Innovation zur Ursachenforschung bei chronischen Krankheiten
Yves Dubaquie, Senior Vice President Diagnostics, PerkinElmer
Long COVID hat das Interesse der wissenschaftlichen Gemeinschaft an der Diagnostik chronischer Krankheiten neu geweckt, und das aus gutem Grund. Schätzungsweise eine von fünf Personen mit einer nachgewiesenen SARS-CoV-2-Infektion entwickelt nach der COVID Erkrankung Beschwerden wie Müdigkeit, “Hirnnebel”, Atembeschwerden oder Gelenkschmerzen, die über Wochen, Monate oder sogar länger anhalten können. Jüngste Forschungsergebnisse zeigen, dass Personen, die lange an COVID erkrankt waren, mit größerer Wahrscheinlichkeit Autoimmunitätsmarker im Blut aufwiesen als Personen, die sich schnell erholten oder sich nie mit dem Virus infiziert haben. Daraus sollten wir ableiten, dass sich die Weiterentwicklung neuer und bestehender Diagnostikmethoden zum Verständnis der Immunreaktion auf zellulärer Ebene im Jahr 2023 und darüber hinaus lohnen wird, und zwar nicht nur für Long COVID, sondern auch für zahlreiche weitere Erkrankungen. Die aktuelle Forschung zum chronischen Erschöpfungssyndrom (CFS) könnte beispielsweise zu einer besseren Diagnose und Behandlung für zahlreiche Betroffene dieser bisher unzureichend erforschten Krankheit führen.
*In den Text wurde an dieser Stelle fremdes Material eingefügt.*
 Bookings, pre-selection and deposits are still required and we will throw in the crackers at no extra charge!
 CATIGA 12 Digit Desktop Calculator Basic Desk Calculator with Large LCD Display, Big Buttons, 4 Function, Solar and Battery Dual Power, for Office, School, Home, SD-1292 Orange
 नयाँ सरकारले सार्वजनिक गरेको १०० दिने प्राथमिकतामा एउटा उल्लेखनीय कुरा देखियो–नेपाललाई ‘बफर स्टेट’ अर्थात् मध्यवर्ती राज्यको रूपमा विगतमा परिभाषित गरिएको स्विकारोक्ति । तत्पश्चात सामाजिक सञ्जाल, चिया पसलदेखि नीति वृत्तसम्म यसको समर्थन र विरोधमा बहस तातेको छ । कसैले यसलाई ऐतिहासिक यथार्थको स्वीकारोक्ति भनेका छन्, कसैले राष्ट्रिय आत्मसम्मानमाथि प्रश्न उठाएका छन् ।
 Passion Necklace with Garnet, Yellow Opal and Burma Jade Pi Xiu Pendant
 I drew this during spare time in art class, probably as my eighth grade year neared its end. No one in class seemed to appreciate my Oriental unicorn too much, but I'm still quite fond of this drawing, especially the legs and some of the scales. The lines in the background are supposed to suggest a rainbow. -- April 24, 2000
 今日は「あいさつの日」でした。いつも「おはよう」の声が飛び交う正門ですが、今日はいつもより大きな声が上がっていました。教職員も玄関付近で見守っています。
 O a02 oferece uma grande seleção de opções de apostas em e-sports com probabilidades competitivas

Metagenomik in der klinischen Forschung und die wachsende Bedeutung der Ganzgenomsequenzierung (WGS) in der Präzisionsmedizin
Dr. Madhuri Hegde, SVP & Chief Scientific Officer, PerkinElmer Genomics
Die Multiomik ist die Zukunft der Bioanalytik. Im kommenden Jahr können wir mit weiteren Fortschritten der entsprechenden Technologien rechnen. Die Ganzgenomsequenzierung (Whole Genome Sequencing, WGS) erweist sich bei der Diagnose von seltenen, komplexen und weit verbreiteten Krankheiten weiterhin als nützlich, wobei einige Schätzungen zeigen, dass diese Methode die diagnostische Genauigkeit um 40 bis 60 Prozent verbessert. Vielversprechend ist auch das neue Feld der Metagenomik in der klinischen Forschung. Entdeckungen, die mit Hilfe des Multiomics-Ansatzes der nächsten Generation gemacht werden, der zur Konvergenz von Daten aus mehreren klinischen Versorgungsplattformen in Verbindung mit mikrobiellen und viralen Genomanalysen führt, werden Genetiker und Kliniker letztlich dabei unterstützen, Diagnosen schneller zu stellen und geeignete Maßnahmen zu ergreifen, um die Gesundheitslage ihrer Patienten zu verbessern.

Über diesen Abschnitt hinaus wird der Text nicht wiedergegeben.